IBM SPSS Statistics (v.28) was used for demographic data analysis, and SmartPLS (v.3.3.3) was used for additional statistical analyses [32,33]. To assess the relationships among the model items, we used multicollinearity analysis, confirmatory factor analysis (CFA), reliability and convergent validity, discriminant validity, path coefficients, hypothesis testing, and PLS-SEM. Validity and reliability checks were performed prior to the completion of the PLS-SEM analysis to confirm the data quality and consistency of the structural model.

4. Results

4.1. Multicollinearity Test

At the initial stage in model testing, we assessed the descriptive statistics for all study variables. To assess the association between any two parameters in the model’s formulation, we conducted correlation analysis (Table 3). At the p < 0.01 level, all model variables showed statistically significant relationships. Anxiety and dejection, as well as anxiety and anger, were found to have positive relationships. Furthermore, happiness and anxiety, as well as happiness and dejection, had negative relationships.
Multicollinearity refers to the occurrence of high correlations among two or more variables [34] and can be detected by using variance inflation factors (VIFs). SmartPLS (v.3.3.3) analysis was used to compute the VIF values. All VIFs were found to be <5.0 and thus were acceptable according to Hair et al. [33]. An issue in multicollinearity may emerge if the VIF coefficient is larger than 5.0. No VIF coefficient values exceeded 5.0 in the model findings, thus indicating an absence of collinearity issues in the model results (Table 4).

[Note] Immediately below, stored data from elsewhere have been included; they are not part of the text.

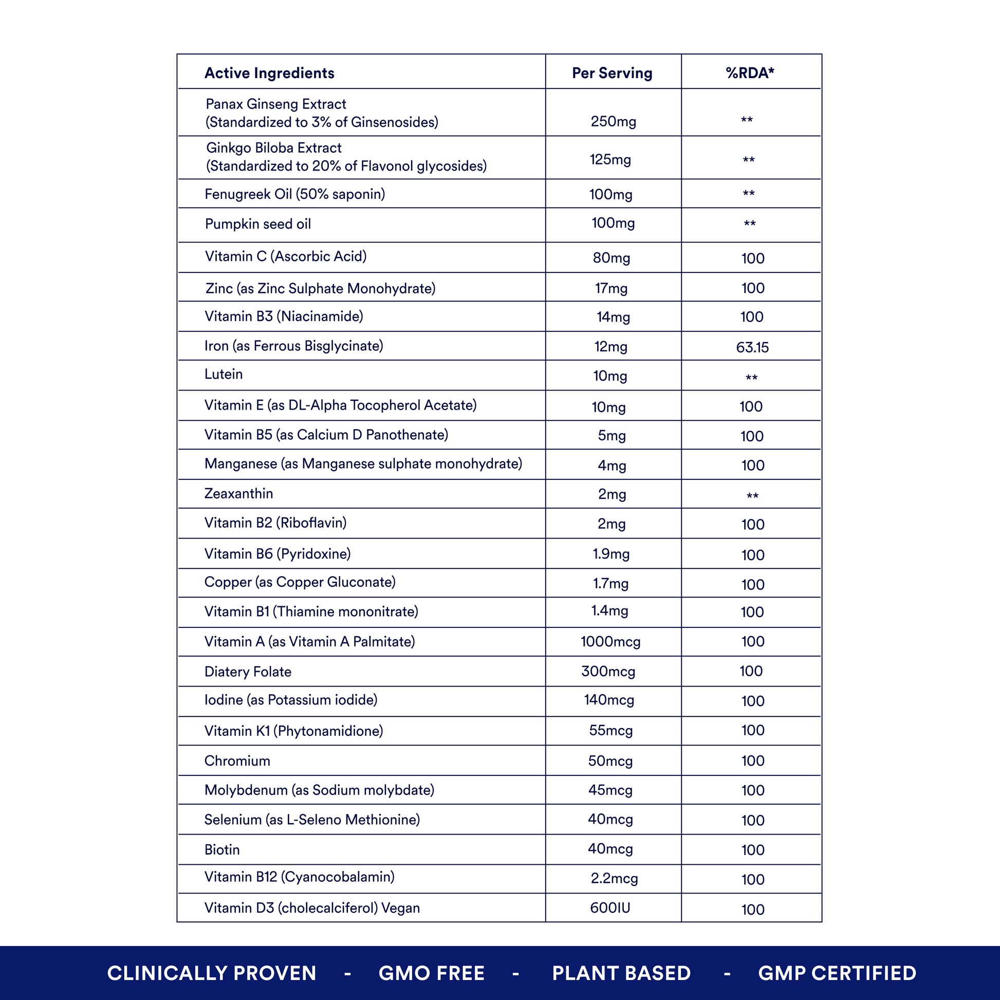 | Formulation | Vitamins, minerals, and herbal ingredients |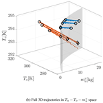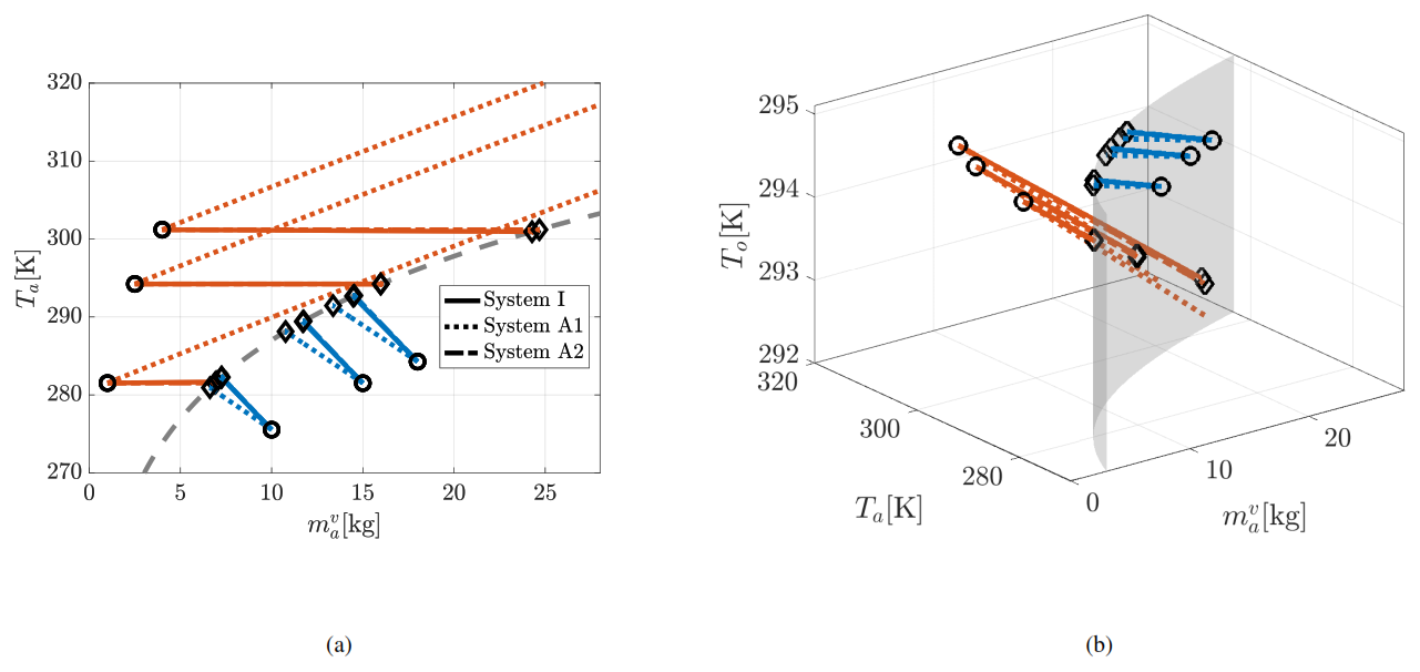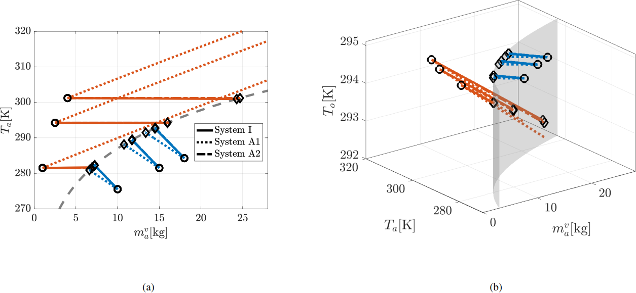 Figure 3Trajectories in the evaporation (orange) and condensation (blue) regimes predicted by the three models – System I (solid), A1 (dotted), and A2 (dash-dotted) – for realistic values of Ta, To and . (a) Projection onto the Ta– plane. (b) Full three-dimensional trajectories in space. The grey dashed curve (left) and the transparent surface (right) denote the steady-state (neutral) surface. Initial conditions are shown as black circles, and equilibrium points (when reached) as black diamonds.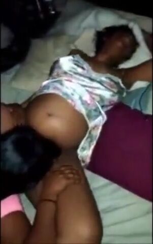 Girl with lovely ass buries her face in her girlfriend's cunt.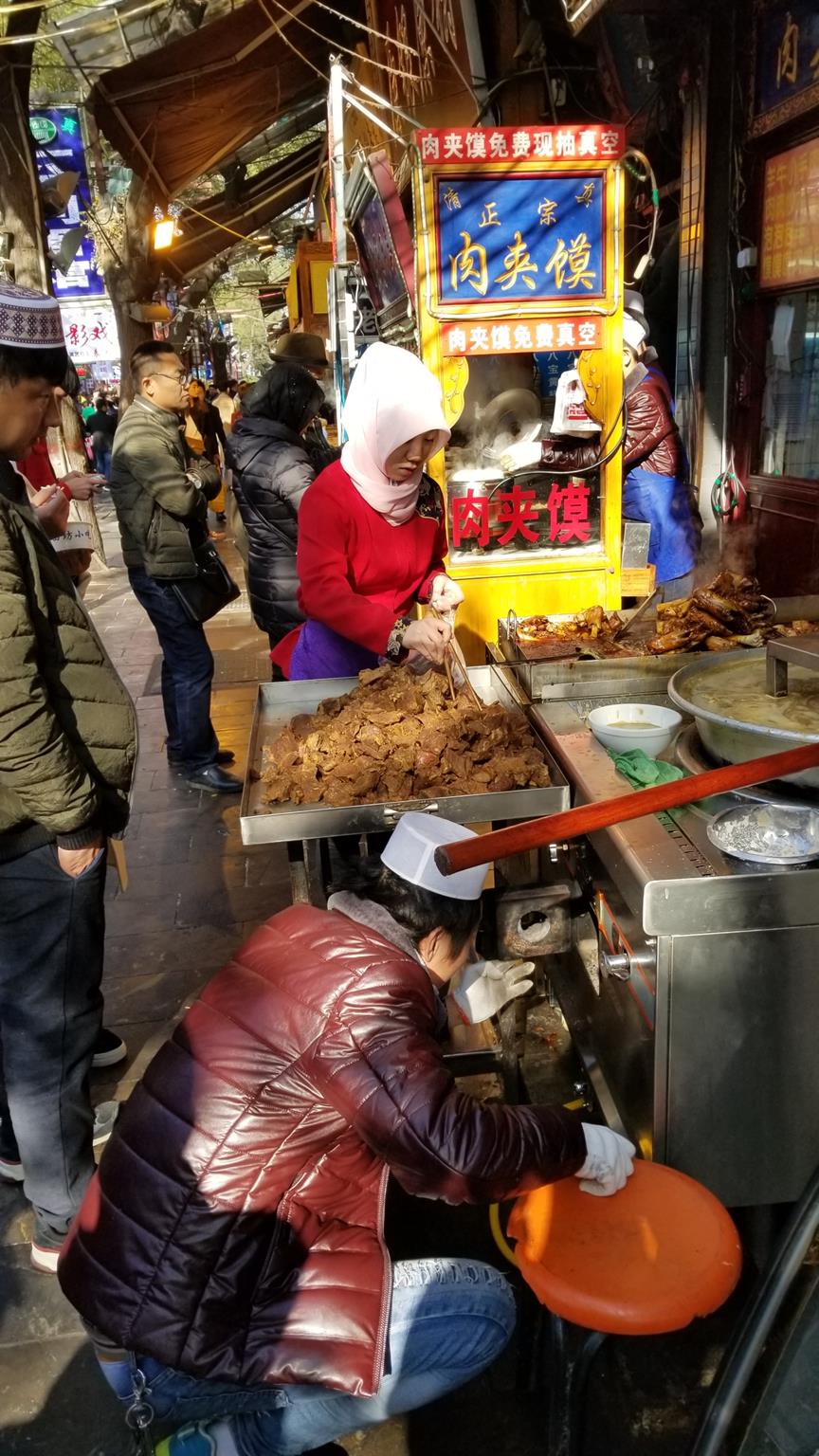 For most people, the only point of visiting here is for the food. A distinct dish can be translated to crumbled unleavened bread in Mutton Stew (Yangrou Paomo) can be found in practically every small restaurant tucked away in the street, along with vendors offering pomegranate juice, fried persimmon deserts, stuffed buns and the standard lamb/beef/variety of seafood kebabs. Various tourist traps were also present, selling overpriced trinkets and the like that I didn’t really bother spending too much time on. The smells however were truly intoxicating – you wanted to try basically everything you saw, but it was simply way too much food. I would definitely like to come back at some point in the future to try the stuff I couldn’t today, the myriad of distinct flavors with all of them being tasty was just way too good. Thankfully, the more I progressed into the neighborhood the less crowded it became, and I was able to sample the items I wanted.

4.2. Confirmatory Factor Analysis

CFA was performed to validate the measurement model and investigate the relationships between the constructs and their associated measurement elements. Some items in the early model had low indication loadings (Figure 2). A preliminary CFA was performed, and the results were used to exclude many items from the construct to increase their reliability and validity. Specifically, one item, ANX7, was deleted from ANX, and one item, HAP7, was deleted from HAP. The CFA was then repeated with the other measurement items (Figure 3).

4.3. Reliability and Convergent Validity

SmartPLS (version 3.3.3) analysis was used to assess the model’s validity, reliability, and path coefficients. Fornell and Larcker [35] and Cronbach [36] suggested composite reliability and Cronbach’s alpha for reliability analysis. For model validity testing, convergent and discriminant validity were applied. The average variance extracted (AVE), created by Fornell and Larcker [35], may be used to assess convergent validity by determining how correctly the latent model reflects the scale items [37]. Cronbach’s alpha > 0.7, rho_A > 0.7, composite reliability > 0.8, and AVE > 0.5 were found to fulfill all essential reliability and validity standards in the final structural model. The detailed findings are shown in Table 5.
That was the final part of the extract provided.